*** Opening Supplied records ***
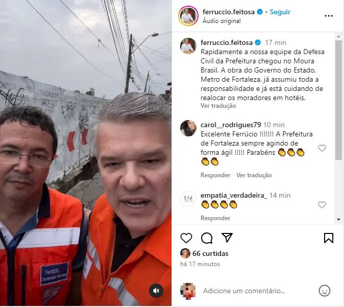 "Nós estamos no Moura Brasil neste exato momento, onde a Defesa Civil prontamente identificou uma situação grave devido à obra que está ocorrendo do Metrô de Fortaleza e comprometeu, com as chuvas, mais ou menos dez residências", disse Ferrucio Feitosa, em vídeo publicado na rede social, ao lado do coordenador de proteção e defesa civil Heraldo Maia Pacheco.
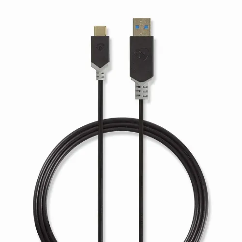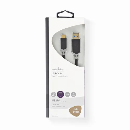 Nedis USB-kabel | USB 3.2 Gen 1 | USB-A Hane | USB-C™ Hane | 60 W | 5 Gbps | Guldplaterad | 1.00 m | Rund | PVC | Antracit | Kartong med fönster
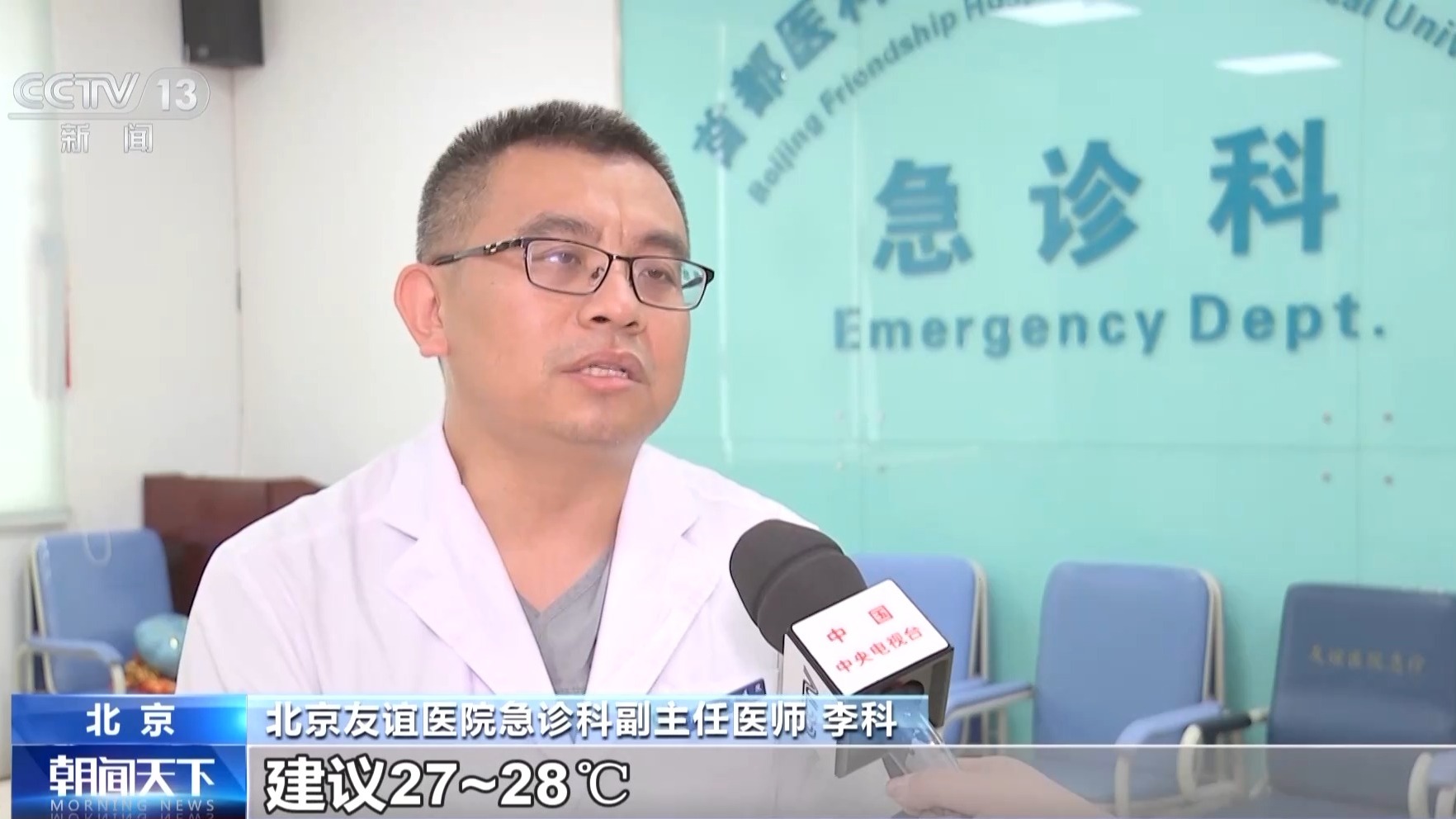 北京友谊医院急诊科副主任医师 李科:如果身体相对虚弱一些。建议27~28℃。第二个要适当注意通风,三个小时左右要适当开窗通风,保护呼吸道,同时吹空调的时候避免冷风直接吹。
*** Closing Supplied records ***
*** Opening Supplied records ***
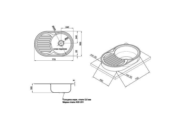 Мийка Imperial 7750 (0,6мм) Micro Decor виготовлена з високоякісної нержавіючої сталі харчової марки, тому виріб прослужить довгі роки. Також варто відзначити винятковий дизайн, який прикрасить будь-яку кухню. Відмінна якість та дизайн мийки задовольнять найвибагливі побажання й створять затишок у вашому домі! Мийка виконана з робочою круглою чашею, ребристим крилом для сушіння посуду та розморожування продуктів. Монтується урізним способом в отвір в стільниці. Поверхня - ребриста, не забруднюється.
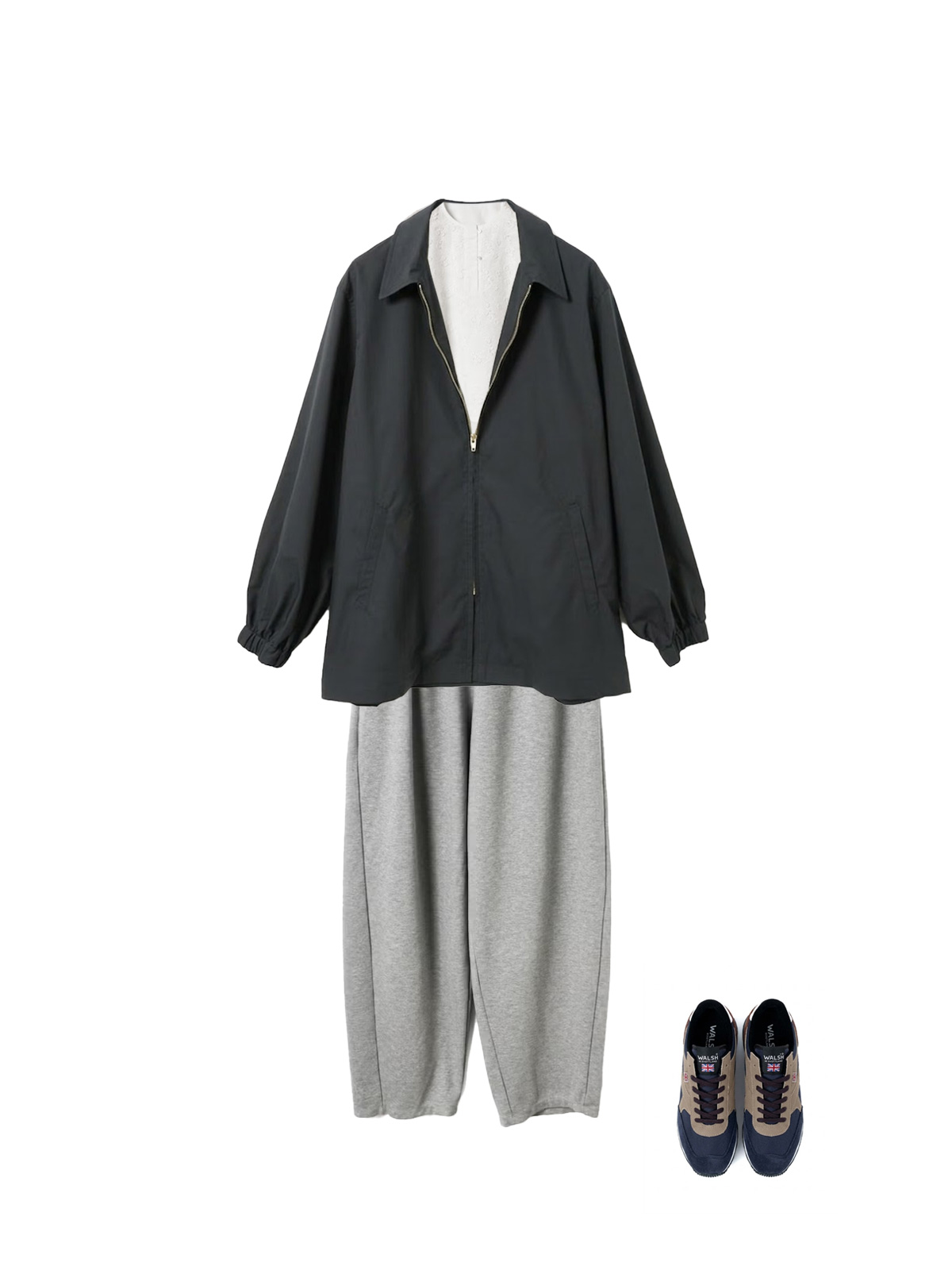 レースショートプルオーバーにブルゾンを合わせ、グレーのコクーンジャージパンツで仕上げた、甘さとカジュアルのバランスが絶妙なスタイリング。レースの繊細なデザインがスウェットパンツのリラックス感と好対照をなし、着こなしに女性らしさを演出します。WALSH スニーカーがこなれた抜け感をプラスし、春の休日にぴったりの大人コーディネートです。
*** Closing Supplied records ***
> [Task to carry out]
Return the material from the line containing "Мийка Imperial 7750" through the line containing "レースショートプルオーバーに", exactly and in full, but without its pictures.

> [Written response]
 Мийка Imperial 7750 (0,6мм) Micro Decor виготовлена з високоякісної нержавіючої сталі харчової марки, тому виріб прослужить довгі роки. Також варто відзначити винятковий дизайн, який прикрасить будь-яку кухню. Відмінна якість та дизайн мийки задовольнять найвибагливі побажання й створять затишок у вашому домі! Мийка виконана з робочою круглою чашею, ребристим крилом для сушіння посуду та розморожування продуктів. Монтується урізним способом в отвір в стільниці. Поверхня - ребриста, не забруднюється.
 レースショートプルオーバーにブルゾンを合わせ、グレーのコクーンジャージパンツで仕上げた、甘さとカジュアルのバランスが絶妙なスタイリング。レースの繊細なデザインがスウェットパンツのリラックス感と好対照をなし、着こなしに女性らしさを演出します。WALSH スニーカーがこなれた抜け感をプラスし、春の休日にぴったりの大人コーディネートです。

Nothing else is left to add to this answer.